Nothing changed in the sailmaker’s expression but he paused in his stitching. ‘Was it so?”’ he said.

“Aye, the leeches, and some would say the bunts also. There are those as will line you all the middle parts of the foot of square sails and the foremost leech of staysails. I don’t know if you hold with that, sir?”’

“No.” Kemp’s face had darkened, but he could never admit ignorance—it was like a defeat.

“I take my stand on common practice,” he said.

‘Practice is various, sir. What do you think should be done in the matter of the goring cloths, if I might be so bold?”’

Erasmus felt himself flush with rage at this sly pedant who was contriving to discomfit his father. His loved father too he blamed, for persisting. This fellow should not be talked to, but quitted instantly—or kicked off his stool. He moved away to a window and stood with his back to the room, looking out across the faintly glimmering, slate-grey water of the Mersey at the masts of ships at anchor in the Pool. Gulls were wheeling overhead. Their plumage looked leaden against the dull sky and they seemed to hurtle like lead through the air. This coincidence, the justness of his observation, impressed Erasmus and took away his rage. He resolved to write it down later. His love had inclined him, not to poetry exactly, but to a sort of doom-laden note-taking. She is there now, he thought. Less than five miles from where I am standing.

Since falling in love with Sarah Wolpert, his being had become tidal, he could brim with her at any time, the channels were there already, the tracks his obsession had so quickly made. A twitch of recollection, a pang of sense, and the tide of her perfections would come flooding in, the clear pallor of her skin, the slight motions of her hands, the look of her eyelids when she glanced down, the imagined life of her body inside the hooped dress…

He had known her most of his life; their fathers were old acquaintances who had sometimes done business together; but real knowledge dated only from ten days before, from the occasion of her elder brother’s coming of age— Charles was a few months younger than himself. He had gone rather unwillingly, being always ill at ease in a crowd, disliking broken talk, shared place. He was farouche, intractable. But some grace descended on his eyes that night. He had thought her childish and affected until this descent of knowledge—knowledge she must surely have shared: she had given him some looks. But she had looked at others too…

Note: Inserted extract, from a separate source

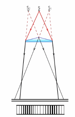 Yung usuli. Bundа ikkitа kichik tirqishi bo’lgаn ekrаn yordаmidа yorug’likni ikkigа аjrаtilаdi (1.3-rаsm). S yorug’lik mаnbаi ekrаnning tirqishlаridа yorug’likning S1 vа S2 ikkilаmchi mаnbаlаrini hosil qilаdi. Аsosiy S mаnbа nurlаnаyotgаn to’lqinlаrining fаzаlаri hаm shungа mos holdа xuddi shundаy o’zgаrаdi, ya’ni S1 vа S2 mаnbаlаr nurlаnаyotgаn to’lqinlаrdа fаzаlаr аyirmаsi hаmmа vаqt o’zgаrishsiz qolаdi - bu mаnbаlаr kogerent bo’lаdi.

Turning his mind from this he began with a sort of stricken patience to piece that evening together again, the lamplight, bare arms, inflections of voice, whispers of silk. Filigree of a miracle. Again his being flooded with her.

He kept his back to the room a while longer, hearing the voices continuing still. A daub of sunlight from some invisible rift in the cloud lay far out on the water. Below him the tide lapped, muddy and sullen.

Here along the open bank were the yards where Liverpool’s ships were built, theirs among the others, not framed yet, not much more than the spine of her keel, yet to his eager father already freighted and on her way south. Erasmus felt a rush of surprised affection. He had none of this transfiguring enthusiasm. His need to possess the present.

2.

Then there was the supper party, his father’s visionary gleam in the firelight, candle-light, face darkly flushed below the ash-grey line of his wig, heated with talking and wine. Not the same man at all as that sniffer of timbers, the bluffer in the sailmaker’s loft. One of those in receipt of his father’s eloquence that evening was his cousin, Matthew Paris. It was his cousin’s arrival, the looming quality of his presence there, a man newly released from prison—though of course the other guests knew nothing of this—that fixed the evening so clearly in Erasmus’s mind.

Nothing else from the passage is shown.